*** Opening of DATA FOR THE TASK ***

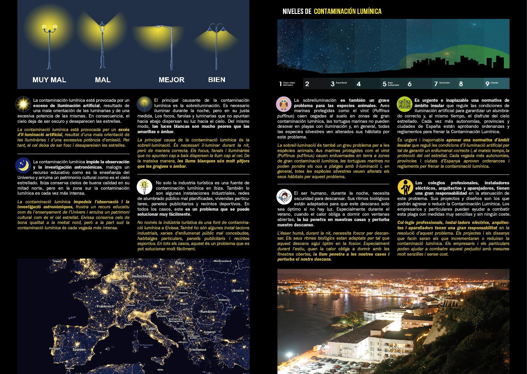 @Noudiari / La Agrupación Astronómica de Ibiza (AAE) ha iniciado una campaña informativa para prevenir la contaminación lumínica tanto en las construcciones públicas como privadas. Actualmente, la contaminación lumínica es una grave amenaza para la observación y estudio del cielo nocturno, porque la luz artificial «borra» las estrellas del firmamento y representa también graves perjuicios medioambientales.
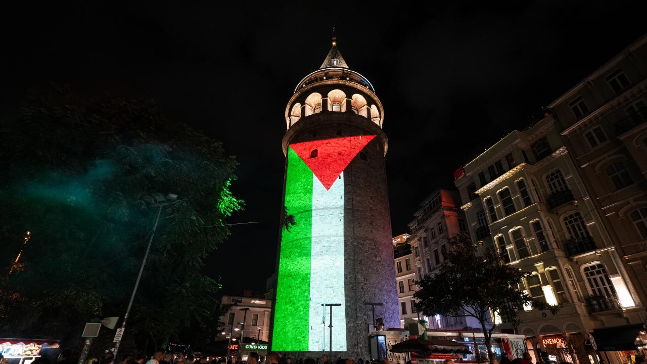 İstanbul'un simge yapılarından Galata Kulesi'nin cephesine mapping tekniğiyle Filistin bayrağı yansıtıldı.
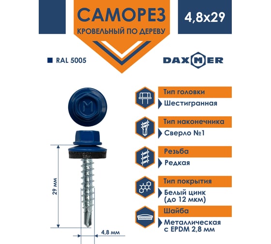 Саморез ООО ПКФ Сварком п/ш 4,2x25 RAL5005 синий 200 шт k00015509
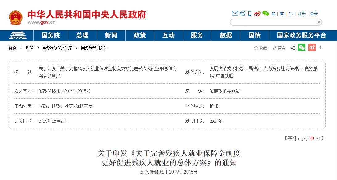 发改委等六部门印发《关于完善残疾人就业保证金制度更好促进残疾人就业的总体方案》(发改价格规[2019]2015号),明确自2020年1月1日起:对在职职工人数30人(含)以下的企业,暂免征收残保金。
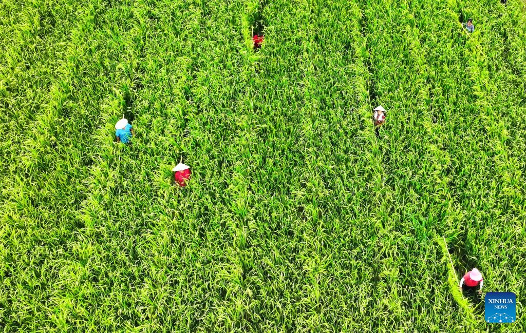 This aerial photo taken on Aug. 1, 2023 shows farmers pollinating rice seedlings at the hybrid rice planting base in Xinchang Village of Cengong County in southwest China's Guizhou Province. Cengong is a major rice-growing county in China with an annual yield of over 8 million kilograms of certified seeds. (Xinhua/Yang Wenbin)
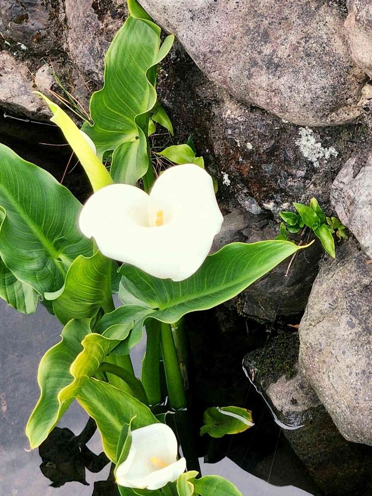 ③湧き水の水路に咲くカラー
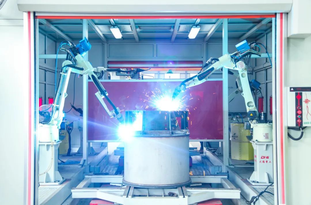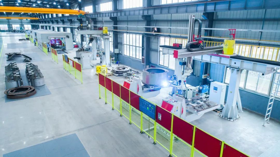 走進(jìn)江蘇海獅機(jī)械股份有限公司的智能焊接機(jī)器人車間,13軸智能焊接機(jī)器人正揮舞“手臂”,精準(zhǔn)“掌控”著洗衣龍外殼組件的焊接工作。
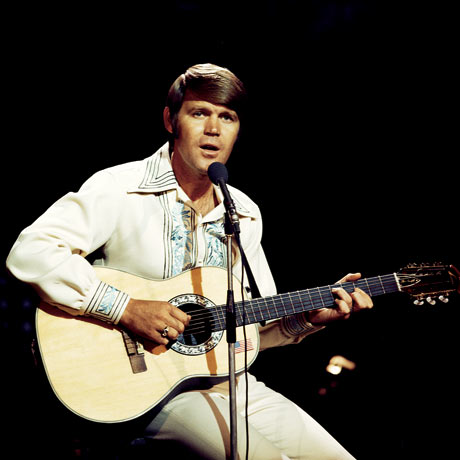 Glen Campbell also fell in love with music as one of many children of an Arkansas sharecropper family which was impoverished in material goods but rich in music. Glen’s father bought him a $5 guitar at Sears when Glen was four years old. Glen became an accomplished public performer, dropping out of school when he was 16 to seek a musical career out west. He was one of the Los Angeles, CA session musicians termed The Wrecking Crew, playing on over 600 tracks for artists from Frank Sinatra to the Beach Boys, filling in for Brian Wilson for six months.In 1967, Glen’s solo career skyrocketed. He racked up an amazing four Grammys, with his performance of John Hartford‘s Gentle on My Mind winning two in the country & western categories and Jimmy Webb‘s By the Time I Get to Phoenix winning two in pop. In later years he won more Grammys and other music awards. Hits you might recognize include:
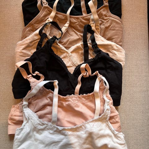 Det finnes 3 stk. i hvit farge og 3 stik. i svart farge til både BH og singlet. Dvs. at det er 12 stk totalt.
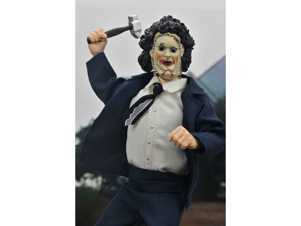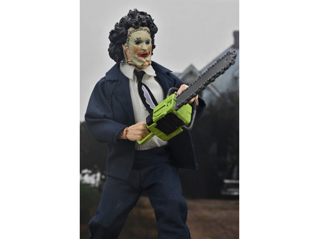 Bőrpofa jubileumi figura a Texasi láncfűrészes mészárlás című filmből, ruhában (Pretty Woman maszk) az 50. évfordulóra, 20 cm
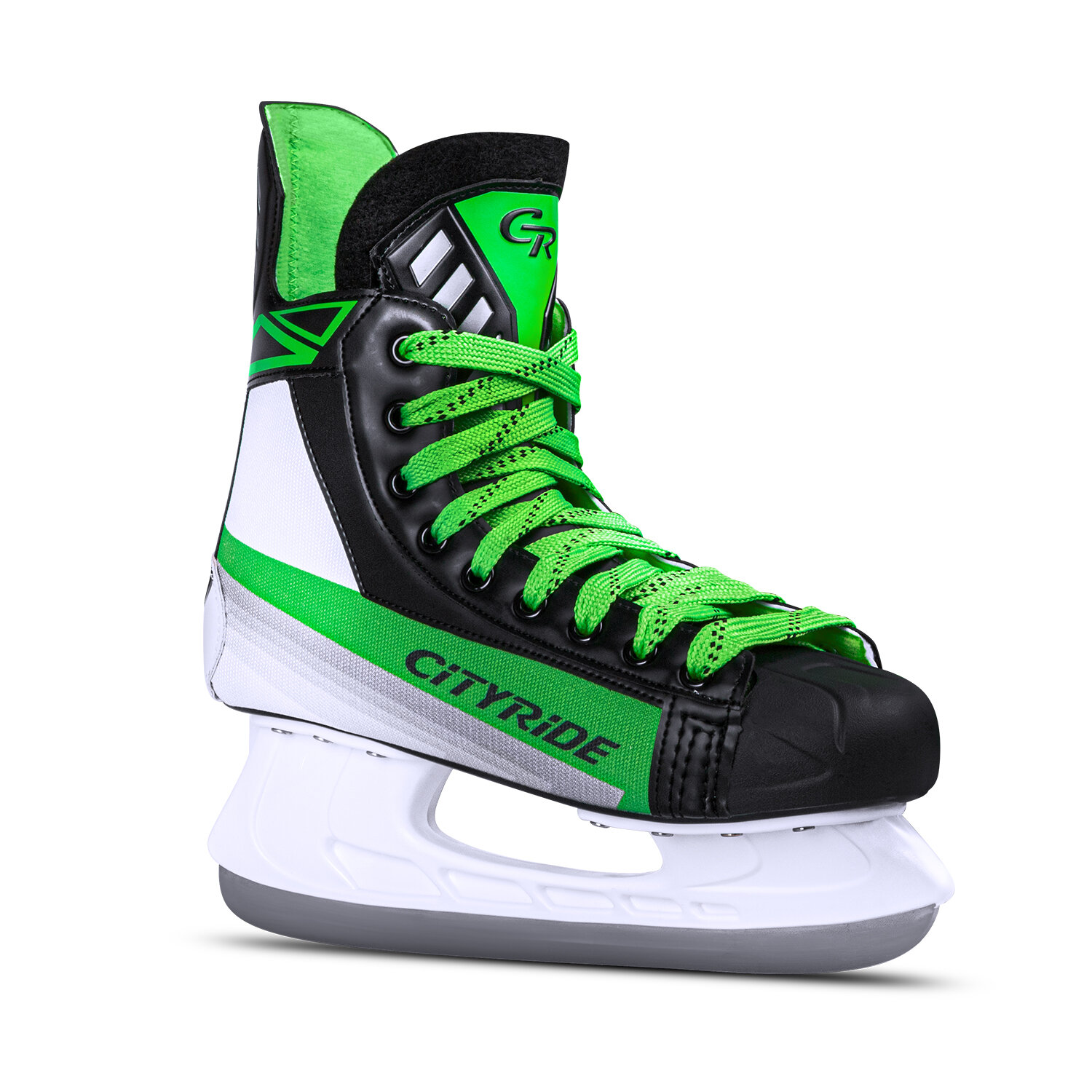 Купить Хоккейные коньки ТМ City-Ride, лезвия нержавеющая сталь/заводская заточка, ботинки нейлон/ПВХ, чёрный/зеленый, 39

*** Close of DATA FOR THE TASK ***

--- TO DO ---
The data above should be repeated exactly, minus any pictures.

--- RESPONSE TO THE EXERCISE ---
 @Noudiari / La Agrupación Astronómica de Ibiza (AAE) ha iniciado una campaña informativa para prevenir la contaminación lumínica tanto en las construcciones públicas como privadas. Actualmente, la contaminación lumínica es una grave amenaza para la observación y estudio del cielo nocturno, porque la luz artificial «borra» las estrellas del firmamento y representa también graves perjuicios medioambientales.
 İstanbul'un simge yapılarından Galata Kulesi'nin cephesine mapping tekniğiyle Filistin bayrağı yansıtıldı.
 Саморез ООО ПКФ Сварком п/ш 4,2x25 RAL5005 синий 200 шт k00015509
 发改委等六部门印发《关于完善残疾人就业保证金制度更好促进残疾人就业的总体方案》(发改价格规[2019]2015号),明确自2020年1月1日起:对在职职工人数30人(含)以下的企业,暂免征收残保金。
 This aerial photo taken on Aug. 1, 2023 shows farmers pollinating rice seedlings at the hybrid rice planting base in Xinchang Village of Cengong County in southwest China's Guizhou Province. Cengong is a major rice-growing county in China with an annual yield of over 8 million kilograms of certified seeds. (Xinhua/Yang Wenbin)
 ③湧き水の水路に咲くカラー
 走進(jìn)江蘇海獅機(jī)械股份有限公司的智能焊接機(jī)器人車間,13軸智能焊接機(jī)器人正揮舞“手臂”,精準(zhǔn)“掌控”著洗衣龍外殼組件的焊接工作。
 Glen Campbell also fell in love with music as one of many children of an Arkansas sharecropper family which was impoverished in material goods but rich in music. Glen’s father bought him a $5 guitar at Sears when Glen was four years old. Glen became an accomplished public performer, dropping out of school when he was 16 to seek a musical career out west. He was one of the Los Angeles, CA session musicians termed The Wrecking Crew, playing on over 600 tracks for artists from Frank Sinatra to the Beach Boys, filling in for Brian Wilson for six months.In 1967, Glen’s solo career skyrocketed. He racked up an amazing four Grammys, with his performance of John Hartford‘s Gentle on My Mind winning two in the country & western categories and Jimmy Webb‘s By the Time I Get to Phoenix winning two in pop. In later years he won more Grammys and other music awards. Hits you might recognize include:
 Det finnes 3 stk. i hvit farge og 3 stik. i svart farge til både BH og singlet. Dvs. at det er 12 stk totalt.
 Bőrpofa jubileumi figura a Texasi láncfűrészes mészárlás című filmből, ruhában (Pretty Woman maszk) az 50. évfordulóra, 20 cm
 Купить Хоккейные коньки ТМ City-Ride, лезвия нержавеющая сталь/заводская заточка, ботинки нейлон/ПВХ, чёрный/зеленый, 39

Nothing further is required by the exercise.